День, мучительный и гнетущий, прошел в ожидании ответа. Но поздно вечером Сергей Иванович сам приехал к Рахманинову, чтобы его успокоить. Гора свалилась с плеч. Охваченный горячей благодарностью, Рахманинов тут же надписал только что полученный от Гутхейля первый авторский экземпляр Виолончельной сонаты своему учителю, "еще раз в трудную минуту пришедшему ему на помощь".

Концерты имели выдающийся успех. Вена и Прага шумно рукоплескали. Многих только удивило, что после исполнения фортепьянного концерта оба русских музыканта вместо традиционного рукопожатия обменялись коротким сухим поклоном. Московская же "буря" утихла еще раньше, чем композитор вернулся домой. Победителя не судят!
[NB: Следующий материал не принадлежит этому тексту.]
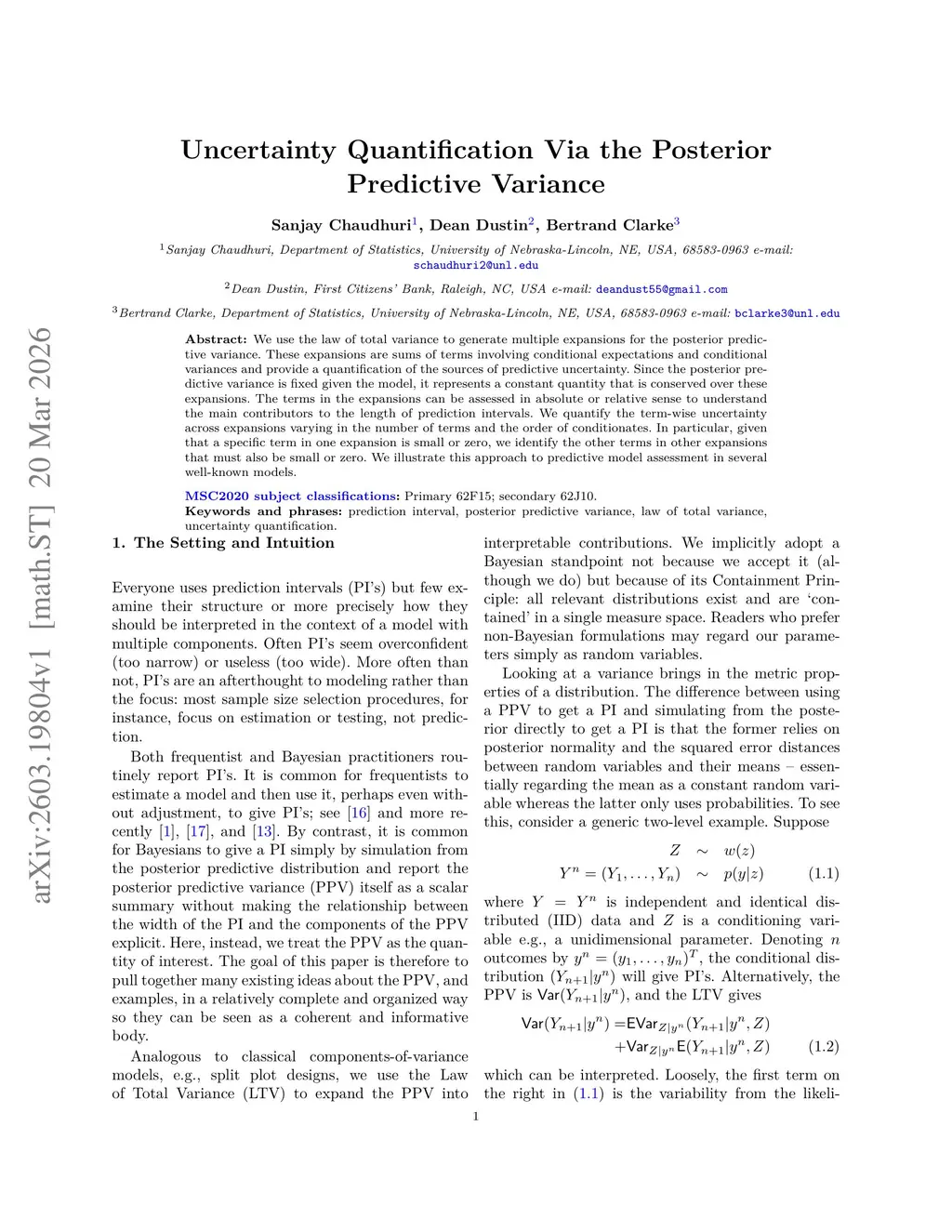 We use the law of total variance to generate multiple expansions for the posterior predictive variance. These expansions are sums of terms involving conditional expectations and conditional variances and provide a quantification of the sources of predictive uncertainty. Since the posterior predictive variance is fixed given the model, it represents a constant quantity that is conserved over these expansions. The terms in the expansions can be assessed in absolute or relative sense to understand the main contributors to the length of prediction intervals. We quantify the term-wise uncertainty across expansions varying in the number of terms and the order of conditionates. In particular, given that a specific term in one expansion is small or zero, we identify the other terms in other expansions that must also be small or zero. We illustrate this approach to predictive model assessment in several well-known models.
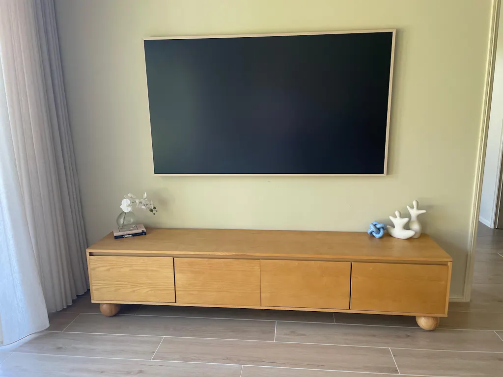 The Ballico TV Unit is designed with four spacious cabinets, offering ample storage that keeps your living space tidy and serene. The clean lines and hidden storage emphasize the unit’s minimalist design, contributing to a clutter-free environment that embodies Japandi’s tranquil aesthetic.
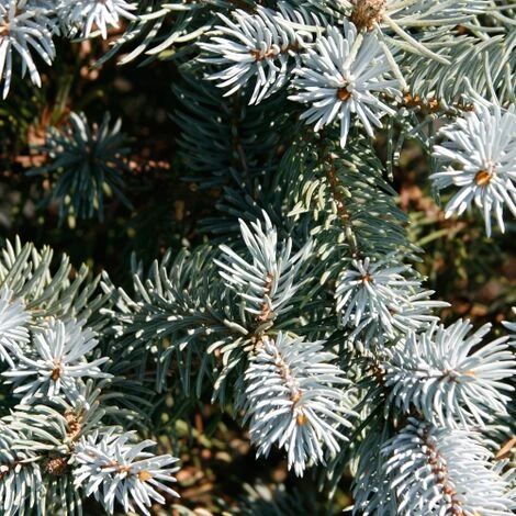 La pianta di Picea pungens “Glauca Globosa” chiamata anche “Abete blu” o “Abete azzurro”, e’ una conifera nana sempreverde, di forma gobosa, schiacciata, che raggiunge il metro di altezza, con corteccia squamosa di colore grigio-porporino e robusti getti di colore arancione-marrone. Possiede foglie appuntite di colore verde-grigio bluastro, lunghe 1,5-3 cm, disposte a raggi sui getti, curvi verso l’alto, sono ricoperti di cera glauca. Coni femminili cilindrici, di colore prima verde, poi marrone chiaro, lunghi 7-12 cm, con scaglie flessuose. Resistente alla siccita’ ed al freddo, predilige un’esposizione soleggiata, e’ una pianta rustica che non necessita di cure particolari. Ideale per schermature o come esemplare isolato.

В середине декабря 1902 года литературная, музыкальная и артистическая Москва, как на праздник, пришла в симфонический концерт Зилоти. Исполнялся "Манфред" Байрона с музыкой Шумана. Читали Федор Шаляпин и Комиссаржевская.

Она стояла среди оркестра вся в белом, такая маленькая и хрупкая рядом с великаном Шаляпиным.

Но когда на фоне засурдиненных струнных прозвучал ее голос, душа Рахманинова затрепетала. Весь подавшись вперед, он жадно ловил каждую интонацию. Казалось, покуда он, этот голос, будет звучать, душа не перестанет верить в прекрасное, в правду и добро.

Шаляпин вложил в своего Манфреда все душевные богатства, всю музыку слова, которыми он владел,

У присутствовавших в концерте память о нем сохранилась на всю жизнь.

Но на смену праздникам приходят будни.

После трехмесячного пребывания в Вене, Швейцарии, Италии Рахманиновы вернулись в Москву на Воздвиженку, в скромную квартиру, приготовленную Варварой Аркадьевной. К молодым с первого же дня перешла жить Марина на правах домоправительницы, родного и близкого человека и верного до могилы друга.

Началась новая жизнь.

Шла зима. Рахманинов сблизился с Керзиными, иногда выступал в керзинских концертах. Играл с Брандуковым и с певцами - Леонидом Собиновым, Забелой, Петровой. Но творческая волна, так высоко вознесшая его на свой гребень, быстро шла на спад. Его больше не тянули к себе крупные формы, если он и подумывал временами, то о небольших фортепьянных пьесах.

В середине мая в Ивановке ждали гостя или гостью: Наталья Александровна - сына, а Сергей Васильевич - дочку, и непременно Ирину.

Ирина явилась на рассвете 14 мая и сразу же подала голос - живое свидетельство незаурядного вокального дарования.

На смену ночи волнения и тревог настало утро. Солнце вошло в дом, и вслед за ним еще одна гостья - свежая, пьянящая счастьем Прелюдия ми- бемоль мажор, провозвестница будущих рахманиновских "фортепианных акварелей".

Вскоре пошли напасти - целое наводнение ангин.